DistilBART-XSUM-12-6

Property	Value
Author	sshleifer
Parameter Count	306M
Model Type	Summarization
Hugging Face	Model Repository
Inference Time	137ms
Speedup vs Baseline	1.68x

What is distilbart-xsum-12-6?

DistilBART-XSUM-12-6 is a knowledge-distilled version of the BART model specifically optimized for extreme summarization tasks. It achieves impressive performance with ROUGE-2 and ROUGE-L scores of 22.12 and 36.99 respectively, actually surpassing its larger baseline model while using fewer parameters and offering faster inference.

Implementation Details

The model architecture features 12 encoder layers and 6 decoder layers, hence the "12-6" naming convention. It's designed to be loaded using BartForConditionalGeneration.from_pretrained and represents an optimal balance between model size and performance.
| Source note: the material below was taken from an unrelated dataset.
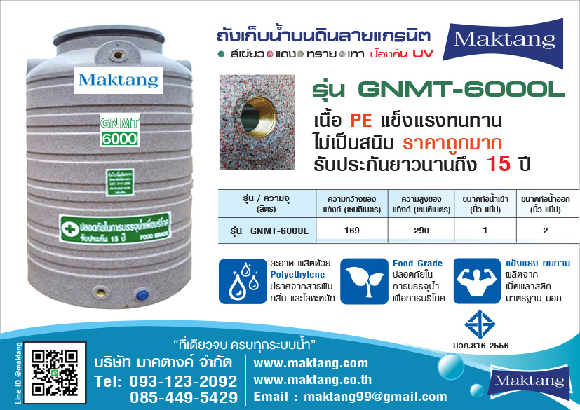 แท้งค์น้ำ PE Maktangรุ่นMGN-10000 ลายแกรนิต สีเทาขนาดความจุ 10000 ลิตรขนาดความกว้าง 214 เซนติเมตรความสูง 317 เซนติเมตรท่อน้ำเข้าขนาด 1 นิ้วท่อน้ำออกขนาด 2 นิ้วป้องกันการเกิคตะไคร่น...

306M parameters (25% reduction from baseline)
1.68x inference speedup compared to BART-large-xsum
Optimized for the XSUM dataset
137ms inference time per sample

Core Capabilities

Extreme summarization with state-of-the-art performance
Efficient inference with reduced computational requirements
Superior ROUGE scores compared to baseline model
Maintains quality while reducing model size

Frequently Asked Questions

Q: What makes this model unique?

This model achieves the remarkable feat of outperforming its larger parent model while being significantly more efficient. With 306M parameters compared to the baseline's 406M, it delivers better ROUGE scores and 1.68x faster inference.

Q: What are the recommended use cases?

The model is specifically designed for extreme summarization tasks, particularly those similar to the XSUM dataset. It's ideal for applications requiring concise, high-quality summaries while maintaining computational efficiency.